The Apache Trail lay a short distance above the Overton camp; the creek, near which the ponies were tethered, being about an equal distance below the camp. The shooting, she discovered, was occurring somewhere between the camp and the trail.
Grace stepped out into the open, facing the trail, just in time to hear a bullet whistle over her head. She ducked instinctively.

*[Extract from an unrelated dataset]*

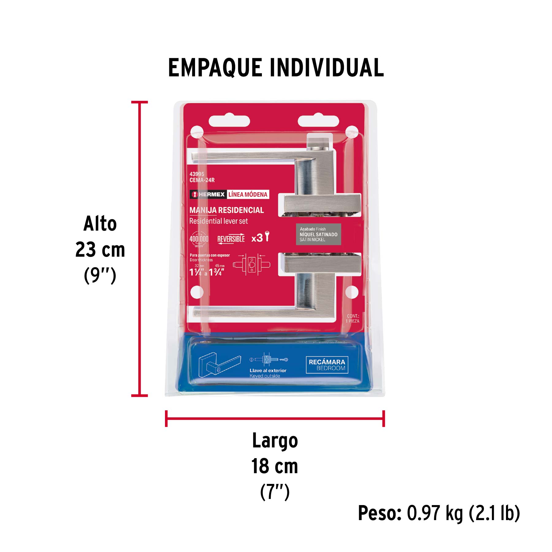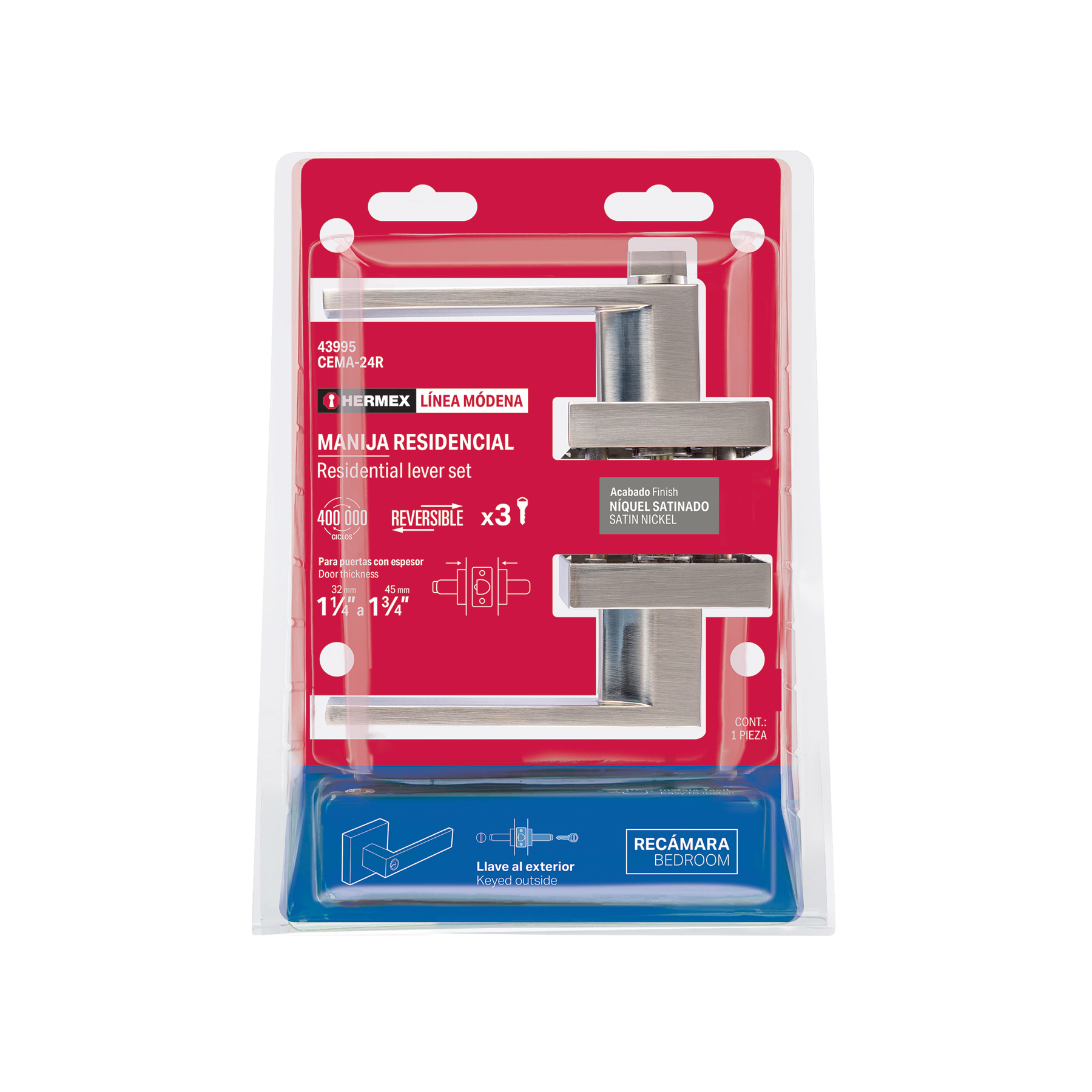Cerradura manija "Módena" p/recámara, níquel satinado,HERMEX

“You watch the camp, Lieutenant,” she heard Ike Fairweather call.
“No, I’m going with you,” answered Hippy.
“Are we attacked?” called Elfreda Briggs from her tent. “Grace! Are you there?”
“I don’t know what the trouble is, Elfreda, but—” She broke off abruptly as a sudden thought came to her. “Look out for the camp, Elfreda!” Without a word of explanation, Grace whirled and sped toward the spot where the horses were staked. To her rear, somewhere in the vicinity of the Apache Trail, she heard two more rifle reports, but whether from the weapons in the hands of Ike Fairweather and Lieutenant Wingate, or from other sources, she was unable to determine.
Nearing the tethering ground Grace proceeded with more caution, not knowing what new menace she might find confronting her there, but the murmur of Pinal Creek was the only sound that interrupted the mountain stillness, a stillness that, on this occasion, seemed heavy with significance.
At the edge of the tethering ground, Grace halted sharply and peered about her.
“Gone! Every one of them gone!” she gasped. “I suspected this very thing. This is too bad.” Grace started to return to camp and tripped over a tethering stake, measuring her length on the ground. Before rising she fingered the stake and the short piece of rope still attached to it. She finally untied the rope, and, with it, started for the camp at a brisk trot. As Grace neared the tents, Ike and Hippy came in from the trail side.
“I winged one critter,” cried Ike as he espied Grace. “He was sneakin’ towards the camp when I discovered him. You see I kinder thought somethin’ was wrong, so I picked up a rifle an’ went out scoutin’ for trouble. Well, I s’prised the critter an’ let him have it hot, thet’s all.”